▸ **How to complete this task**
In the data below, find the line with "Commercial Corner lot" and the line with "二、2024年农业农村基础设施建设投资政策", then restate both and every line between them exactly, minus the pictures.

▸ **Available data**
-.-.-

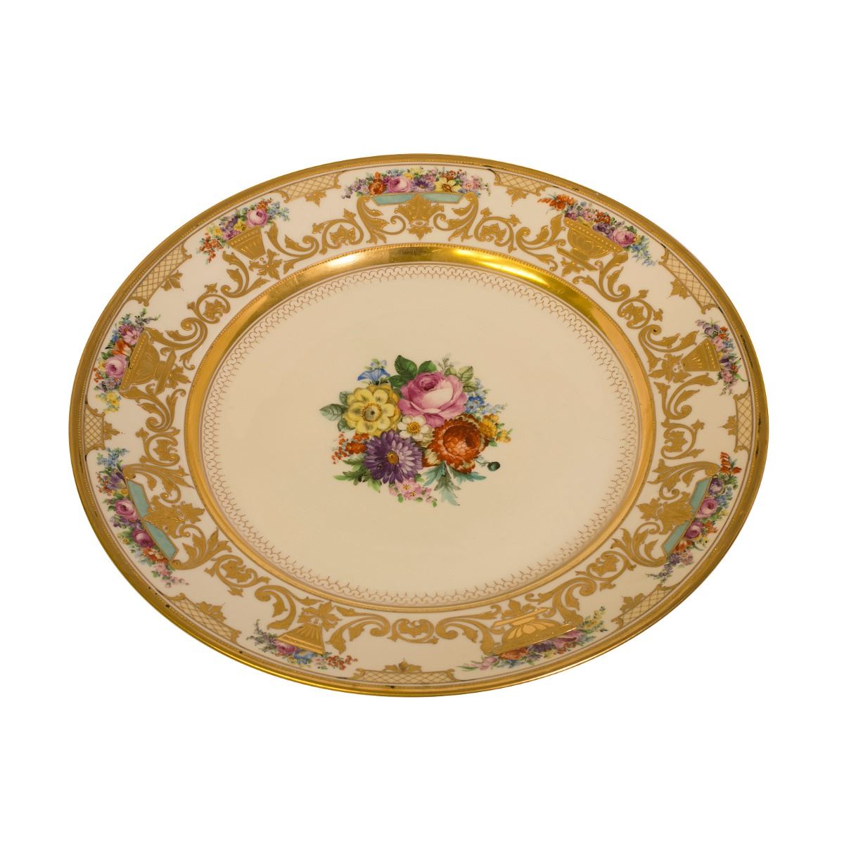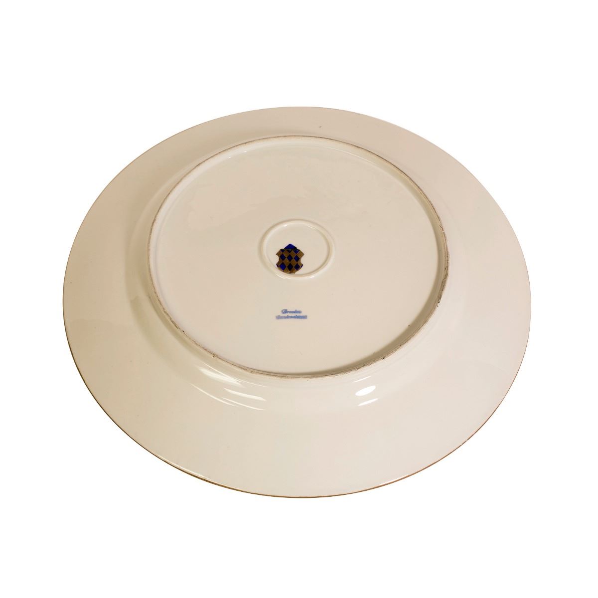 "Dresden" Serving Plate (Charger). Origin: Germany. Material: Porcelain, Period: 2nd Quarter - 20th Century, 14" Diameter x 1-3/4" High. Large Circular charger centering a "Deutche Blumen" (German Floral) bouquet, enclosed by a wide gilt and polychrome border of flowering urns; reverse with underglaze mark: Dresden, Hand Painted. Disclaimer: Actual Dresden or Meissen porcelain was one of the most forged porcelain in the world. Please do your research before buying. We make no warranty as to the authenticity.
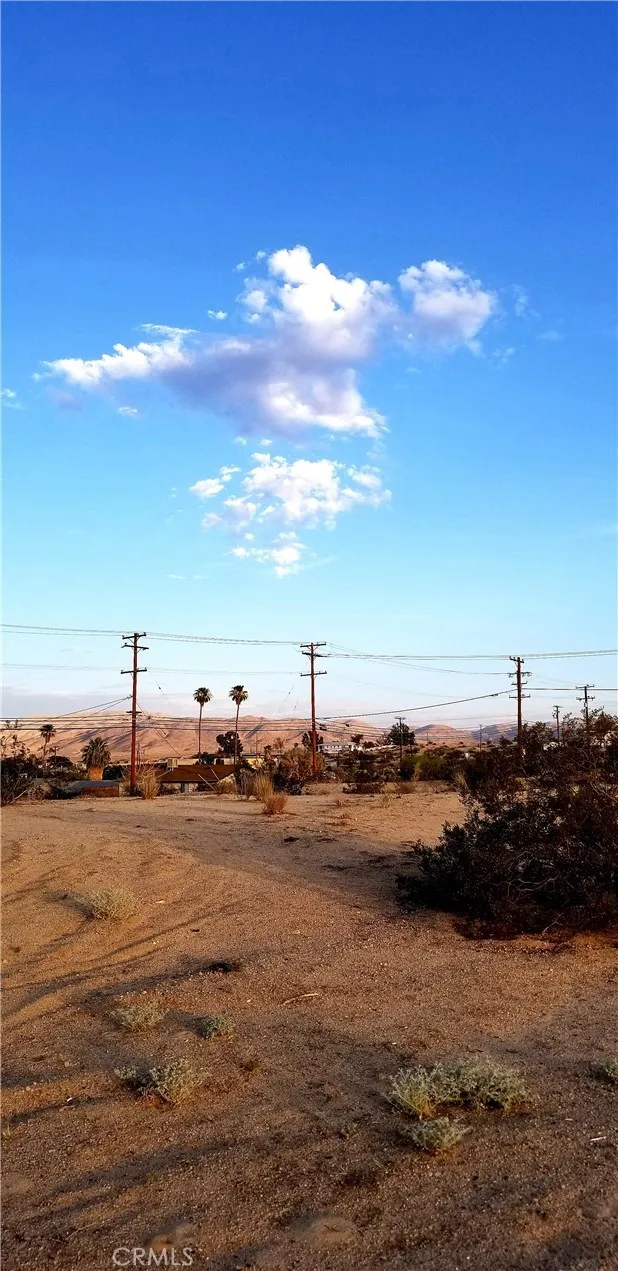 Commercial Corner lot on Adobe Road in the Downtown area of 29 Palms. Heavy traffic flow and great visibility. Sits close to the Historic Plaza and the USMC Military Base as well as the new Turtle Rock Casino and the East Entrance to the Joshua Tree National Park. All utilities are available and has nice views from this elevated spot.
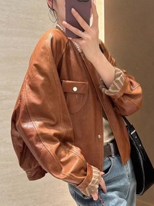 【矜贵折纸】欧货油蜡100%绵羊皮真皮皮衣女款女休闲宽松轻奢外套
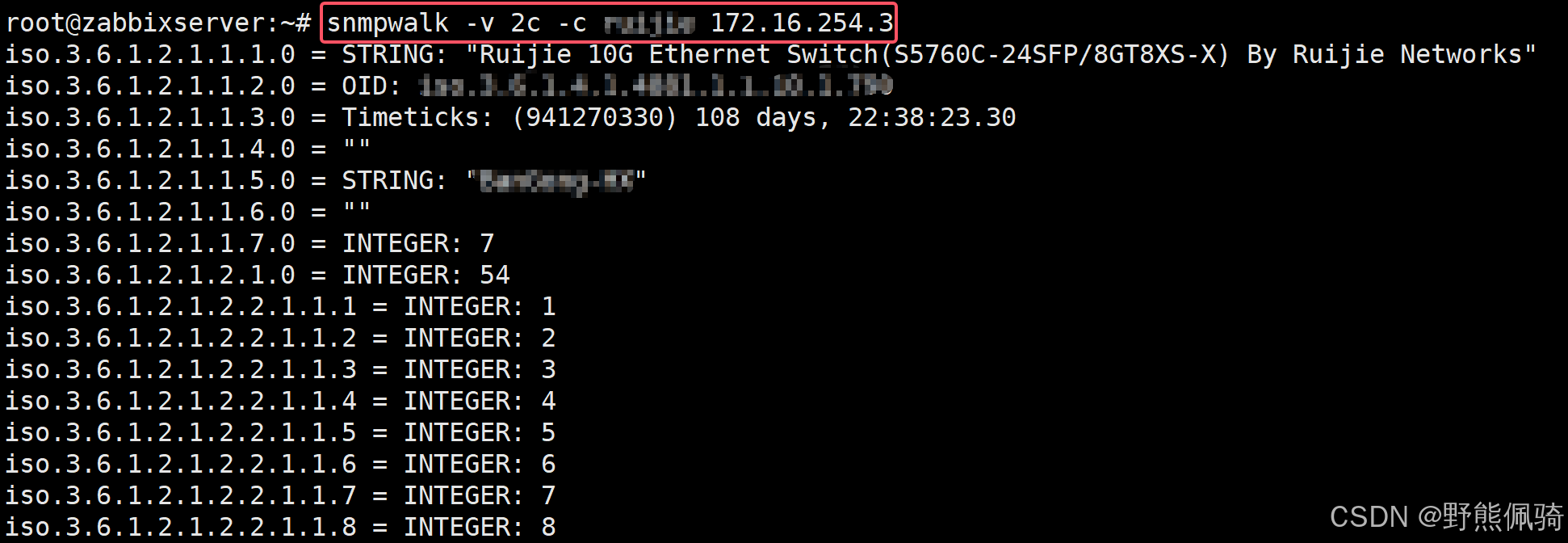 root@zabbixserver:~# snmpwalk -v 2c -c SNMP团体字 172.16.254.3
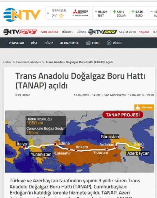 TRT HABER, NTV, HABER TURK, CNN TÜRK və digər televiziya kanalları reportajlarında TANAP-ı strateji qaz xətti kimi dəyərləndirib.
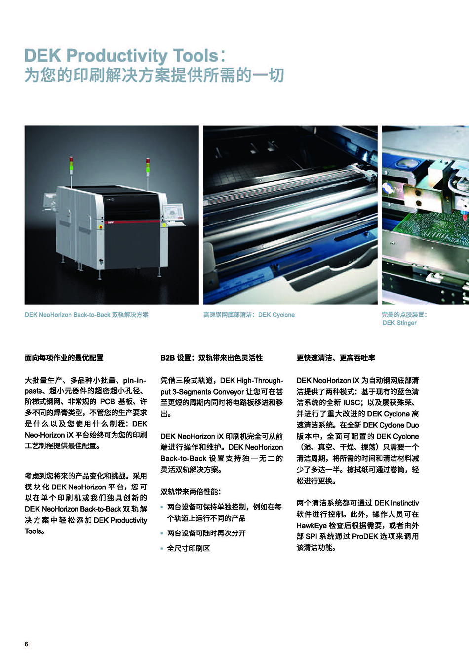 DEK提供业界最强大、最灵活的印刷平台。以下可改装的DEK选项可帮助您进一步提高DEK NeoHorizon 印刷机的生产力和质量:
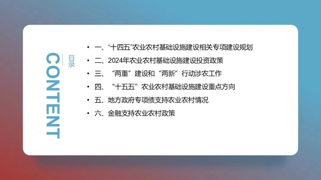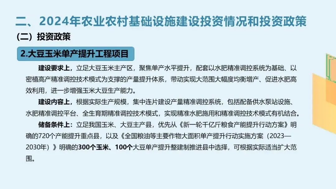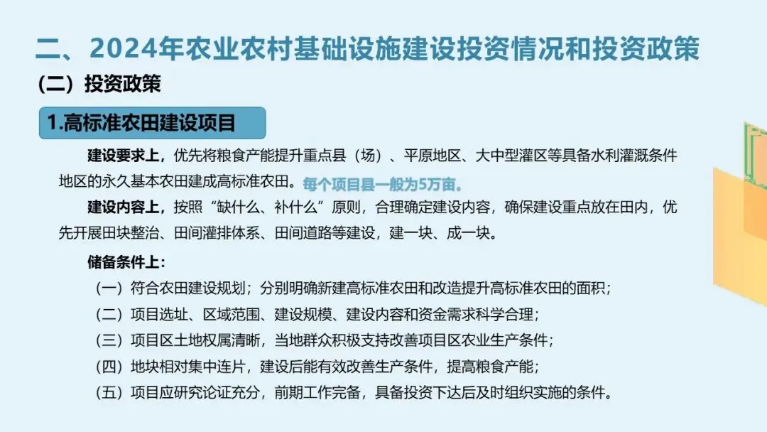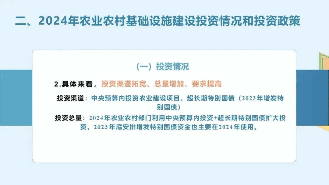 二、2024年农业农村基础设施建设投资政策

-.-.-

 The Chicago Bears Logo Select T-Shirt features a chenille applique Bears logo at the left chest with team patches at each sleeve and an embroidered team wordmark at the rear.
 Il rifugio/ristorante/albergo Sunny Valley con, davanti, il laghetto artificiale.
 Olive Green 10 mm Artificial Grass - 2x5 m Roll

-.-.-

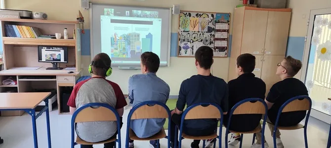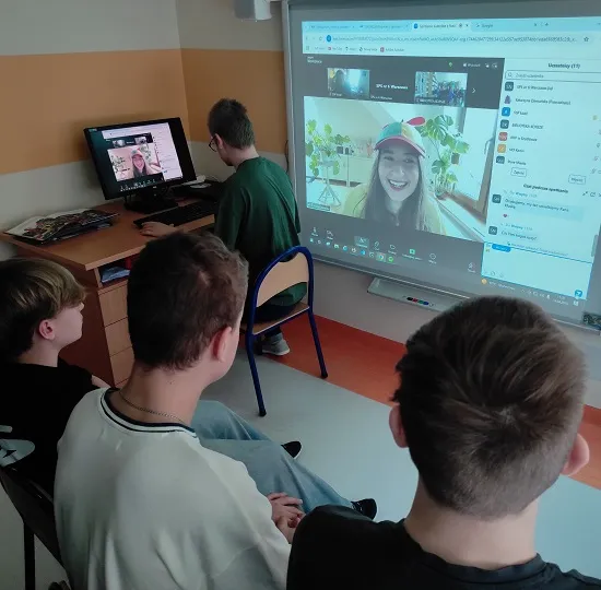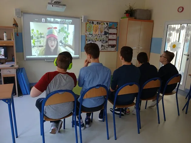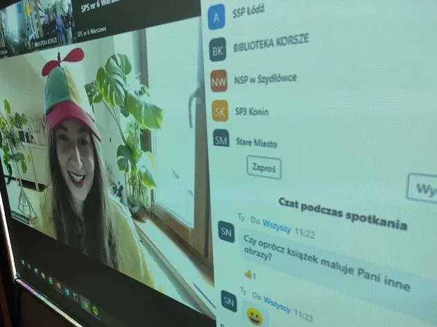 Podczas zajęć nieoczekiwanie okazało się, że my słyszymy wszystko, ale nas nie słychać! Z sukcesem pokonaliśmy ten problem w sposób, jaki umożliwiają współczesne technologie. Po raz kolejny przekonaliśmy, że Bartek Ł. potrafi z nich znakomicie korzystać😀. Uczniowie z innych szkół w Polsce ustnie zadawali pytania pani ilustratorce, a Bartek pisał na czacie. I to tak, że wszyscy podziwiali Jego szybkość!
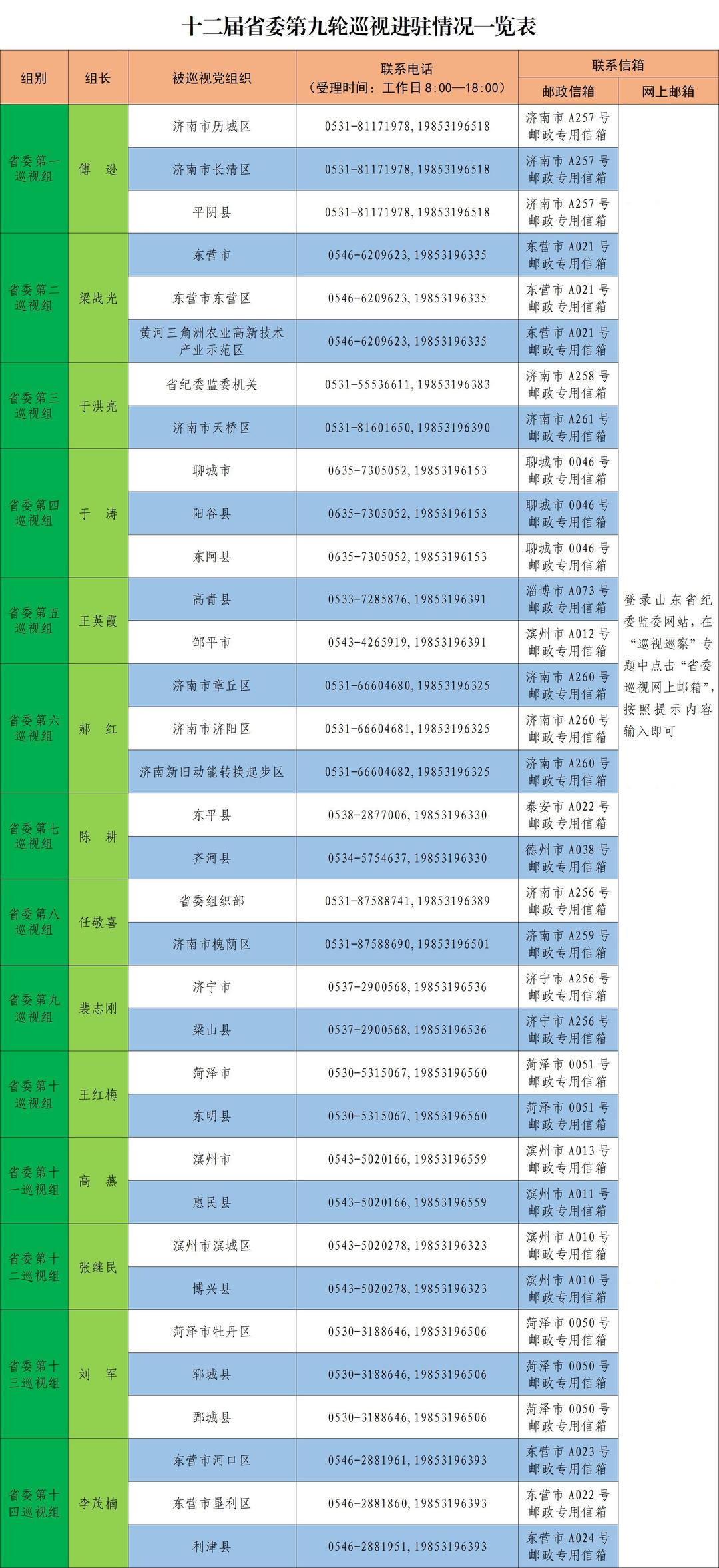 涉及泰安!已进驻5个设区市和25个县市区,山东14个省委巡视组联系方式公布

-.-.-

▸ **Written answer**
 Commercial Corner lot on Adobe Road in the Downtown area of 29 Palms. Heavy traffic flow and great visibility. Sits close to the Historic Plaza and the USMC Military Base as well as the new Turtle Rock Casino and the East Entrance to the Joshua Tree National Park. All utilities are available and has nice views from this elevated spot.
 【矜贵折纸】欧货油蜡100%绵羊皮真皮皮衣女款女休闲宽松轻奢外套
 root@zabbixserver:~# snmpwalk -v 2c -c SNMP团体字 172.16.254.3
 TRT HABER, NTV, HABER TURK, CNN TÜRK və digər televiziya kanalları reportajlarında TANAP-ı strateji qaz xətti kimi dəyərləndirib.
 DEK提供业界最强大、最灵活的印刷平台。以下可改装的DEK选项可帮助您进一步提高DEK NeoHorizon 印刷机的生产力和质量:
 二、2024年农业农村基础设施建设投资政策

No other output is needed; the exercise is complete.